Se parliamo però di emissioni in natura, il metano è il secondo gas serra, dopo appunto la CO2, più abbondante ed è responsabile di circa il 30% del riscaldamento attuale, presenta infatti una capacità di intrappolare il calore, definita come indice GWP (Globale Warming Potential), 86 volte superiore a quello della CO2.

 

Pericoloso e poco controllato

Nonostante la sua pericolosità ambientale e non, le stime delle emissioni di metano sono ancora inquinate da un grosso grado di incertezza, cosa ancora più grave se pensiamo che le tecnologie attuali, ci consentirebbero di recuperarlo dall’atmosfera e di ottenere grandi risultati come l’abbattimento del surriscaldamento globale e un miglioramento sul fronte della crisi energetica.

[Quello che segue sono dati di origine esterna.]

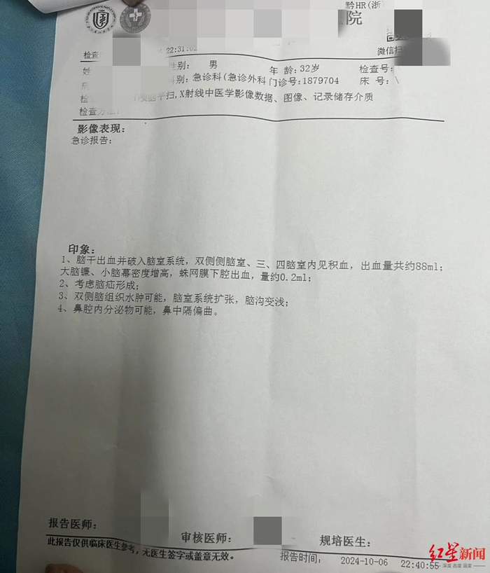 病情诊断记者采访了解到,10月6日,阿奎突发脑溢血后,被紧急送往医院,被诊断为脑干出血,因病情严重,进行了开颅手术。医生下达的病危通知书显示:阿奎脑干出血并破入脑室系统且脑室铸型;脑疝;中枢性呼吸循环衰竭。事发前,阿奎曾称最近身体实在熬不住了,他在10月6日直播的过程中称自己头痛,“不行了,我要晕了,晕过去了”,随后他便结束了直播。团队成员发现情况不对,立即将他送往医院。
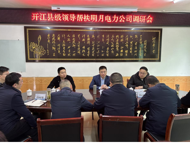 3月29日上午,开江县委常委、政法委书记楚峰一行到四川省水电集团开江明月电力有限公司开展帮扶调研活动,倾听企业心声,助力企业健康发展。县经信局、县统计局相关同志陪同调研。
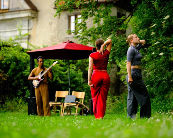 La pièce que la compagnie Nous et Moi écrit sur le thème du mythe de Perséphone à l’occasion du festival Altitudes est l’occasion pour les quatre artistes de réaliser leur envie d’intégrer la musique jouée en live comme intervenant à part entière dans une pièce in situ. Alors que les deux sphères étaient jusqu’ici circonscrites au studio en dépit d’un processus d’écriture en simultané et en collaboration, l’ajout de ce paramètre amène les chorégraphes à repenser leur fonctionnement en termes de dramaturgie et de scénographie, de réenvisager les frontières de la chorégraphie, de la partition, et de l’improvisation, ouvrant un champ de possibilités encore peu exploré par la compagnie.

Stando a quanto affermato dall’Agenzia Internazionale dell’Energia (Iea), oltre il 70% delle emissioni globali di metano dell’industria Oil&Gas può essere recuperato utilizzando le tecnologie oggi disponibili, con costi minimi per i fornitori.

Secondo Iea, se l’industria Oli&Gas avesse recuperato le perdite di gas da operazioni fossili, il mercato avrebbe goduto di altri 180 mld di mc di gas, che per intenderci, sono oltre il doppio del consumo annuale, che per il MiSE è compreso fra i 73 e 76 miliardi di metri cubi.